Humidity Effects: The impact of humidity on polymer materials can be attributed to the swelling and dissolution effects of water on the material, altering the intermolecular forces that maintain the aggregation state structure of the polymer material, thereby destroying the aggregation state. Especially for non-crosslinked amorphous polymers, the impact of humidity is extremely obvious, causing the polymer material to swell or even disintegrate, thereby damaging the material's properties. For crystalline plastics or fibers, due to limited water penetration, the impact of humidity is not significant.
Oxygen Effects: Oxygen is a major cause of polymer material aging. Due to its permeability, crystalline polymers are more resistant to oxidation than amorphous polymers. Oxygen first attacks the weak links in the polymer main chain, such as double bonds, hydroxyl groups, hydrogen atoms on tertiary carbon atoms, and other groups or atoms, forming polymer peroxy radicals or peroxides, then causing chain scission at these sites. In severe cases, the polymer molecular weight significantly decreases, the glass transition temperature drops, and the polymer becomes sticky. In the presence of initiators that easily decompose into free radicals or transition metal elements, there is a tendency to intensify oxidation reactions.
Photoaging: Whether polymers are exposed to light that causes chain scission depends on the relative size of light energy and bond dissociation energy, as well as the sensitivity of the polymer's chemical structure to light waves. Since the Earth's surface has an ozone layer and an atmospheric layer, the range of solar light wavelengths that can reach the ground is 290–4300 nm. Only ultraviolet light with energy greater than the bond dissociation energy can cause the chemical bonds of polymers to break.

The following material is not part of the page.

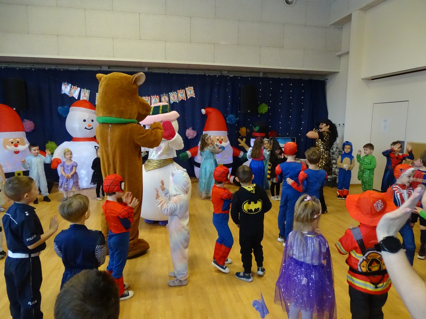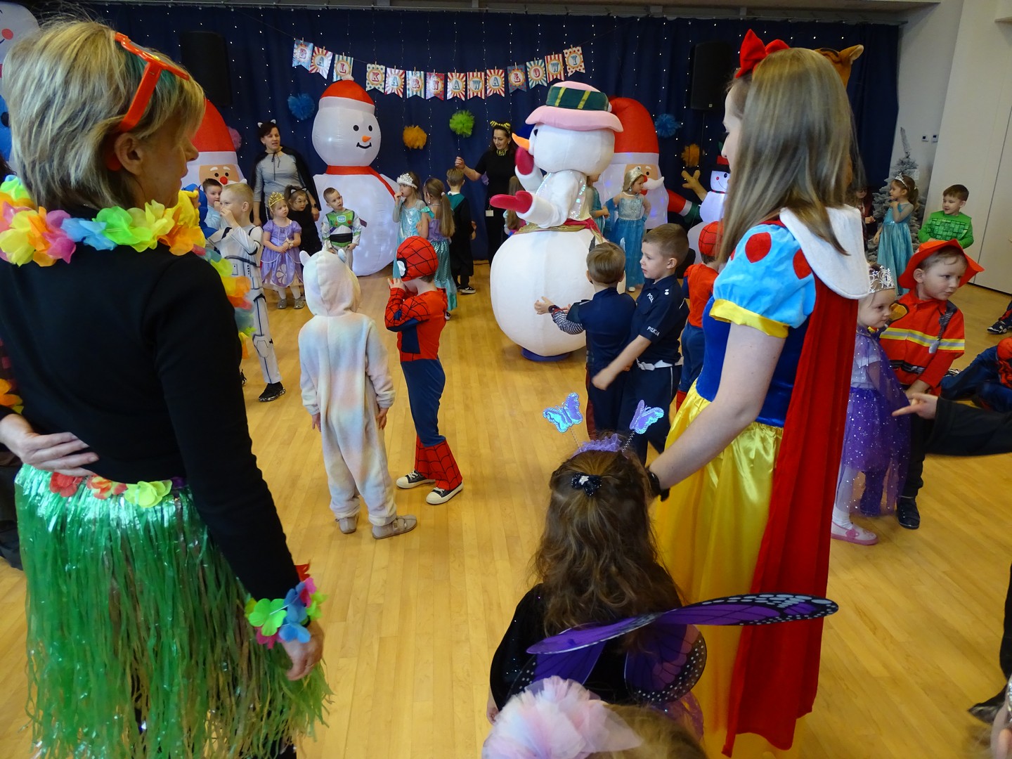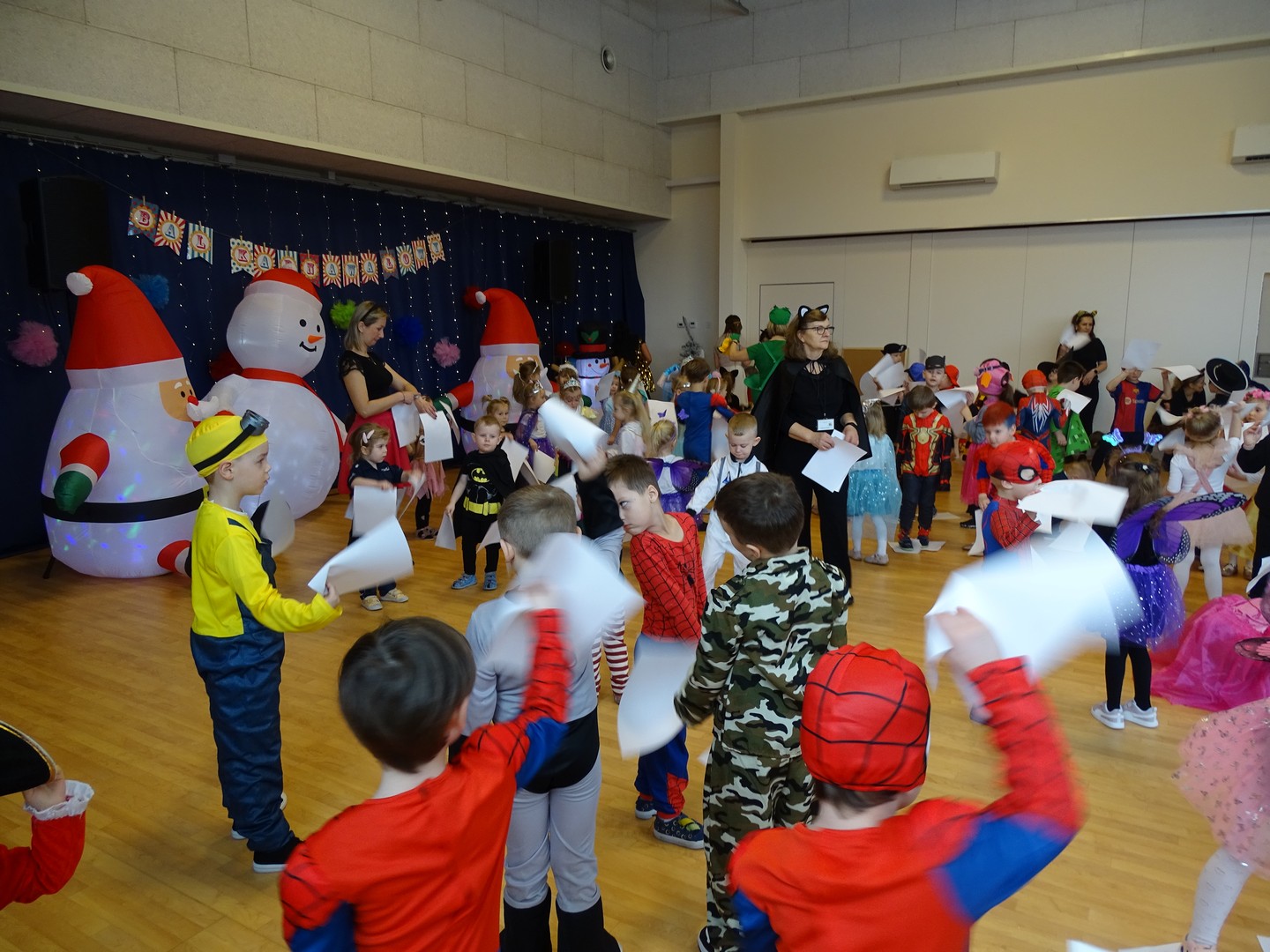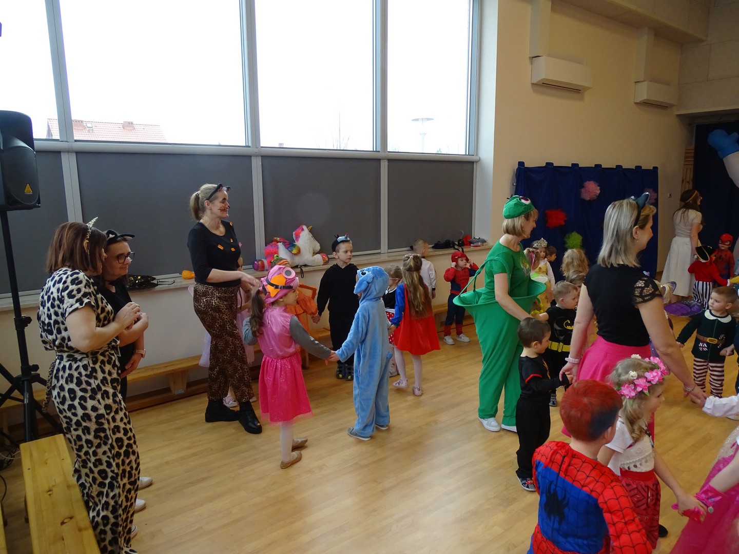 16 stycznia br. w naszym przedszkolu odbył się radosny bal karnawałowy z doświadczonym animatorem. Dzieci bawiły się przy muzyce, uczestniczyły w konkursach i tańcach, a na ich twarzach malowała się ogromna radość. Przedszkolaki przebrały się za swoje ulubione postaci z bajek, co dodało wyjątkowego uroku temu wydarzeniu. To niezapomniana chwila pełna uśmiechów i wspólnej zabawy.

Chemical Medium Effects: Chemical media can only play a role when they penetrate the interior of polymer materials. These effects include actions on covalent bonds and secondary bonds. The action on covalent bonds is manifested as chain scission, crosslinking, addition, or a combination of these effects, which is an irreversible chemical process; the destruction of secondary bonds by chemical media does not cause changes in the chemical structure, but the aggregation state structure of the material changes, causing corresponding changes in physical properties.
Environmental stress cracking, solvation cracking, and plasticization are typical manifestations of polymer material aging due to chemical media.
Biological Aging: Since plastic products almost always use a variety of additives during processing, they often become a nutrient source for mold. When mold grows, it absorbs nutrients from the surface and interior of the plastic and becomes mycelium. Mycelium is a conductor, which causes the insulation of plastics to decrease, weight changes, and severe cases may result in peeling. The metabolic products of mold growth contain organic acids and toxins, which can cause the plastic surface to become sticky, discolored, brittle, and reduce gloss. Long-term contact with moldy plastics can also lead to diseases in people.
Natural polymers such as polysaccharides and their modified compounds can be processed into degradable disposable films, sheets, containers, and foam products through blending with common plastics. Their waste can be gradually hydrolyzed into small molecular compounds through the intervention of polysaccharide natural polymer-degrading enzymes widely present in the natural environment, and eventually decomposed into pollution-free carbon dioxide and water, returning to the biosphere. Based on these advantages, polysaccharide natural polymer compounds, represented by starch, remain an important part of degradable plastics to this day.